Does anyone know where to find the active issue tracker for sonar-maven-plugin?
I found a Jira, but I couldn’t find any open issues in that Jira. Newest issue was from August 2025 and was closed.
I see others have similar problems in the forum, but not recently and suggestions in replies don’t help me:
Certificate issues: the local build in my home LAN is http, so no certificate. And the failing github build is against sonarcloud, which I presume has its certificate in order
DNS issues: using the IP of the sonar host in the sonar URL didn’t work either (see list of stuff I tried)
I think the message Temporary failure in name resolution is misleading, and that the real reason is something else.
If you look at the list of things I tried you will see an attempt at forcing Java to use DNS and an attempt at using the IP address instead, and they both gave the same error.
Well… the bottom reason is different but other than that it all looks the same stack trace from sonar build · GitHub
Also no other applications have no problem with DNS, and this used to work week before last.
And: I got a very similar-looking stack trace (except for the bottom reason) in github actions starting at about the same time.
The only thing in my build setup that has changed recently was an upgrade to sonar-maven-plugin. But downgrading to the previous version didn’t fix the problem.
There seems to be some kind of connectivity problem…?
It is like the connection comes from a different network segment?
Is scanner-maven-plugin running something in a docker image? Or something…?
Now I have tried one more thing that didn’t work: clearing the elastic index by deleting data/es8
And then I have found something: grepping logs/access*.log for “protobuf” shows that the last time a GET to the protobuf reached the server was on May 4.
And sonar is currently only listening for IPv6 connections:
sb@lorenzo:~$ netstat -tulpn | grep 9900
(Not all processes could be identified, non-owned process info
will not be shown, you would have to be root to see it all.)
tcp6 0 0 :::9900 :::* LISTEN 40086/java
I haven’t on my own changed anything in the sonar config to make that happen.
The server was rebooted on May 1 (which was before the problem started happening) and then (unnecessarily) on May 8 (which was way after the problem started happening) and then rebooted on May 9 when the new kernel actually arrived.
To fix the IPv6 only issue I have tried to edit the conf/sonar.properties file, setting:
sonar.web.host=0.0.0.0
But that didn’t help either: sonar continues to listen to IPv6 only after a restart.
But at least this explains why nothing seems to reach sonar: it doesn’t.
Both the client and the server are amd64 machines running the latest debian stable, i.e. 13.4 “trixie”. Both were running kernel 6.12.85-1 at the time it started failing (got that kernel on May 1, while builds were successfully updating the server on May 4) and both are currently (since May 8 and 9) running kernel 6.12.86-1.

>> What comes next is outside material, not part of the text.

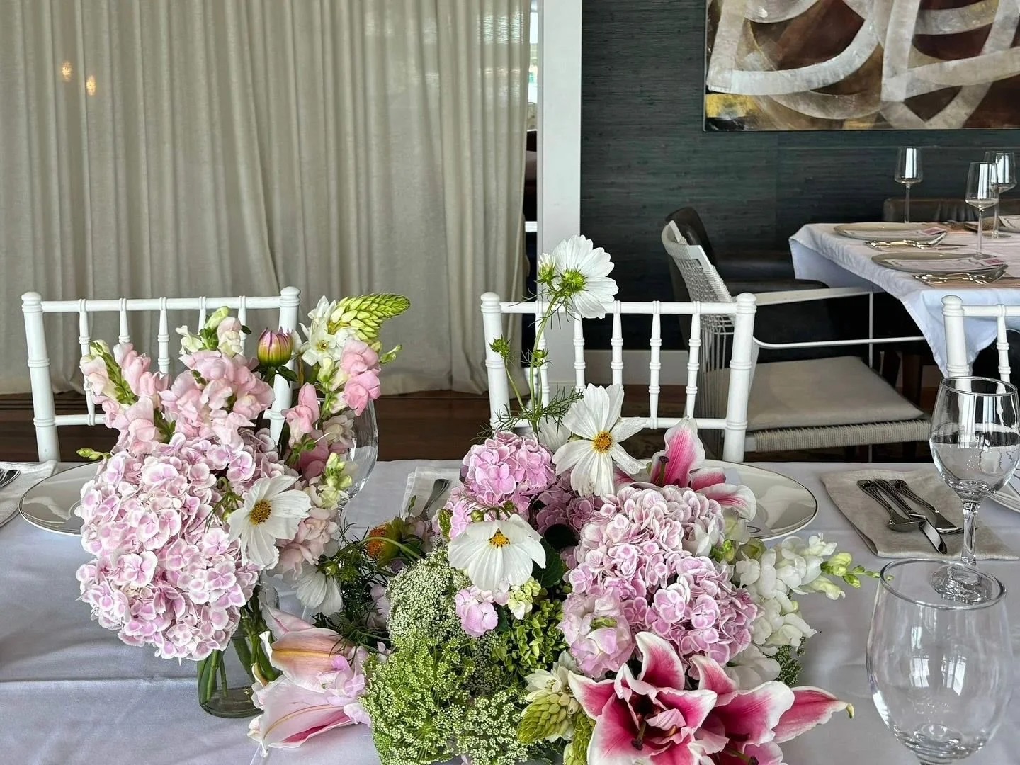 Elegant dining table with a large floral centerpiece featuring pink hydrangeas, white cosmos, pink lilies, and greenery. The table has white tablecloths, wine glasses, silverware, and plates set for a meal. White chairs and a dark background with art

Would it help to look at the sonar server logs? If so I could pack them up and make them available for download.
Ann, as for the question you asked: So rather than being a SonarScanner for Maven problem, you’re saying this is about what SonarQube is listening to/for?
I don’t really what I’m saying because now I’m poking left and right trying to figure something out.
But, two data points:
The logs of the server shows that May 4 was the last time the URL in question was reached
At about the same time I started getting a similar stack trace (but with a different original error) in github actions builds with sonarcloud
I haven’t knowingly changed anything in sonar config, maven config (except for the sonar-maven-plugin update) or network config in that period of time.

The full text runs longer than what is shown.